It is a beautiful day. I remember then. A bright afternoon filled with the secret wonders only a child can know. I remember now. Who knew what was to come? Not a child so sweetly innocent. I remember clearly. The terror and shock are permanently imprinted on every fragment of my mind. The beginning and the end of many things happen that day -- the day death stole his first kiss.
The sirens shrill their warning. We rush to our shelter. My friend rushes along with her father. Moments later she arrives at the shelter alone; her father turning back to save a feather blanket. Just a stupid feather blanket. Seconds later the bombs come. Close. Closer. So close. I huddle with my Mother, neighbors, and school friend as our bunker shutters and rocks. Inge’s father is in another shelter; he didn’t make it to ours.
Time passes slowly when your heart beats fast against your chest. Fear grips my insides. My mind wondering what devastation the bombs would bring. Still, I could not imagine the horrors that would accost me when I step from the shelter. No child could. The shelter door opens. We file out like ants from their hidden tunnels. A horrible silence screams at me. Time slows as it always does when you are in the midst of tragedy. My senses go wild. I see that the beautiful brightness of the sun is now twisted gray-black by a smoky film.
The air is thick and filled with the fragments of what no longer exists. The chalky smell of burning shattered buildings stings my nose as I struggle to take my first breaths, inhaling destruction, devastation. Massive piles of brick and debris are everywhere. Only moments ago it was a beautiful day. Only moments ago the birds were busy chattering. Only moments ago those piles of nothing were buildings. Homes.
One of those homes belonged to my friend. It is reduced to nothing now; almost unrecognizable except for the location, which is difficult to find in a now unfamiliar landscape. My friend, who has already lost her mother to an illness, has now lost her home and everything in it.

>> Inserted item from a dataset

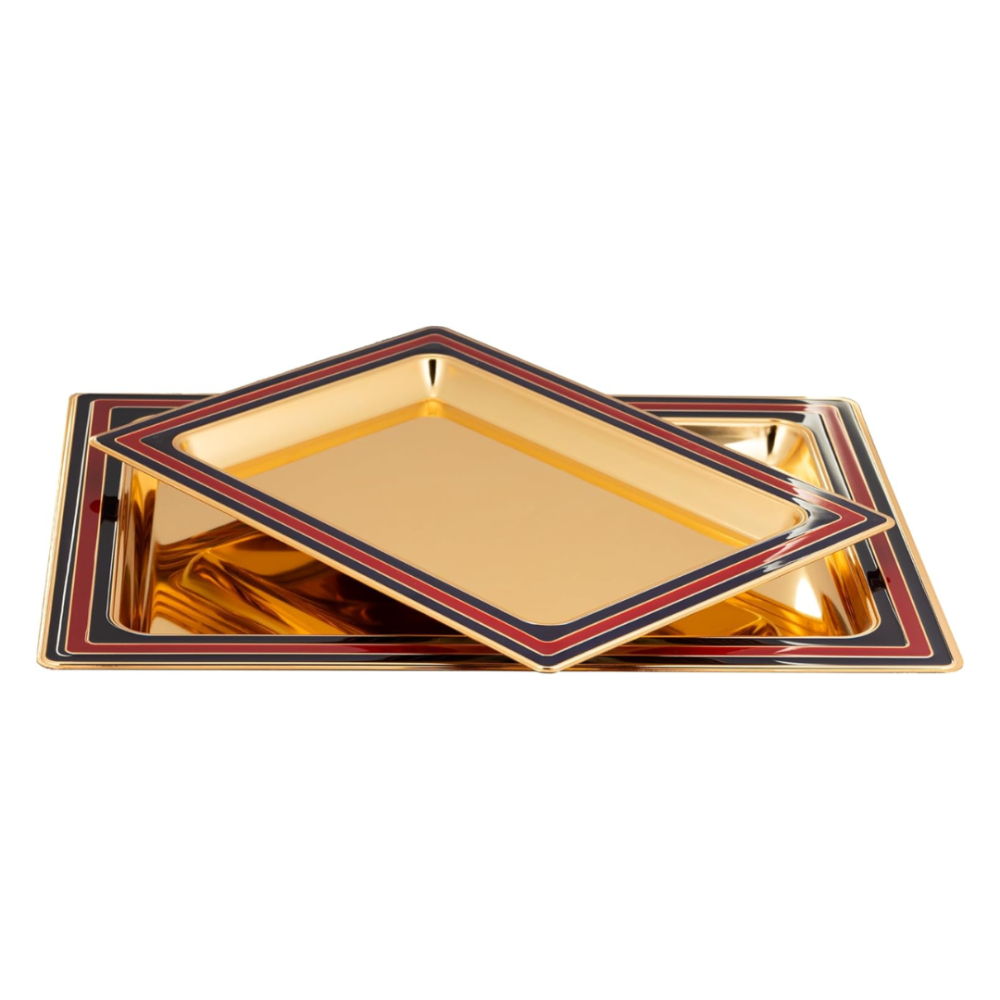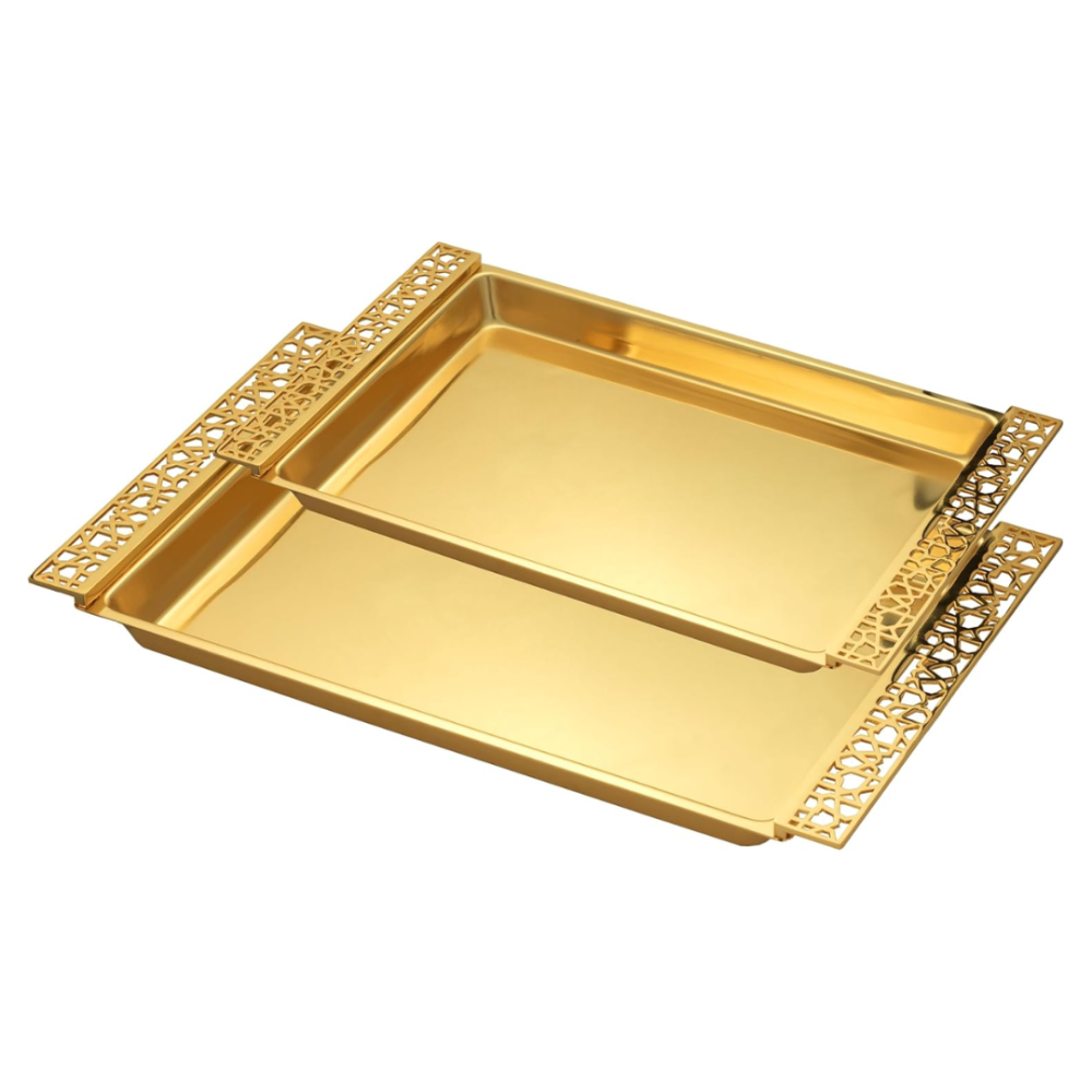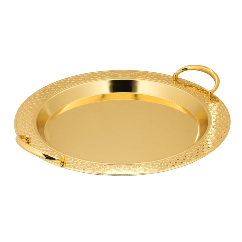 هذه الصواني تضيف لمسة فخامة وعصرية للمناسبات الكبرى مثل حفلات الأعراس أو الولائم الرسمية. تتميز بالصلابة والمتانة، وغالبًا ما تأتي بتصاميم أنيقة مزخرفة بالذهب أو الفضة، مما يجعلها نقطة جذب على مائدة الضيافة. تستخدم بشكل خاص لتقديم المشروبات أو الحلويات الفاخرة. ومن أجمل صواني التقديم المعدنية الذهبية التي يقدمها لك ميساكي:

She has only her father.
My Mother goes home, but I stay with my friend, wanting to hunt through the mounds of rubble for anything salvageable. Everything would be all right. We are all still alive. We are waiting for her father to find us, but then decide to start digging without him. We carefully climb and rummage through the mounds of brick, glass, and twisted metal. An hour passes.
The air is still thick with the dust of ruin. The only sound comes from some of the many other people who lost everything – everything except the most precious thing, their lives. Some forget to be grateful they are alive and are yelling, arguing over what is left, “It’s mine! No, it’s mine!” Survival instincts kick in and fights ensue over the little that is left. Others just sit on the piles in a stupor, crying -- shocked such devastation could touch them. Their tears fall wet on the dust around them. Despair is everywhere.
Another hour passes when I come upon a feather blanket. Since we are standing on a mound in the general area where her apartment house used to be, in all likelihood it belongs to my friend. I yell to her to help me pull it from under the remains of the building. Inge is happy. This is a good find. Her father will be pleased. She takes one end and I the other. I pull. She heaves. Only when I pull, what I pull on under the feather blanket doesn’t feel like a blanket at all. It is something softer, silky. My hand recoils.
Somewhere my brain instinctively registers something is terribly wrong. I step back, bend down to investigate, and lift the blanket’s edge. It looks like hair. Hair? My mind slowly registers the hair and the face to whom it belongs. I recognize the features. His face is blue. His tongue swollen, hanging grotesquely from his mouth. I scream. My friend looks and screams louder. My friend, who has already lost her mother, her home and everything in it, has also lost her father.
That night my friend and I cry, and sleep close to my Mother. With my Father somewhere on the Russian front, would I lose my Mother and have no one too? My childhood is introduced to a gut wrenching fear that day. I become acquainted with death; it is not the last time we shall meet.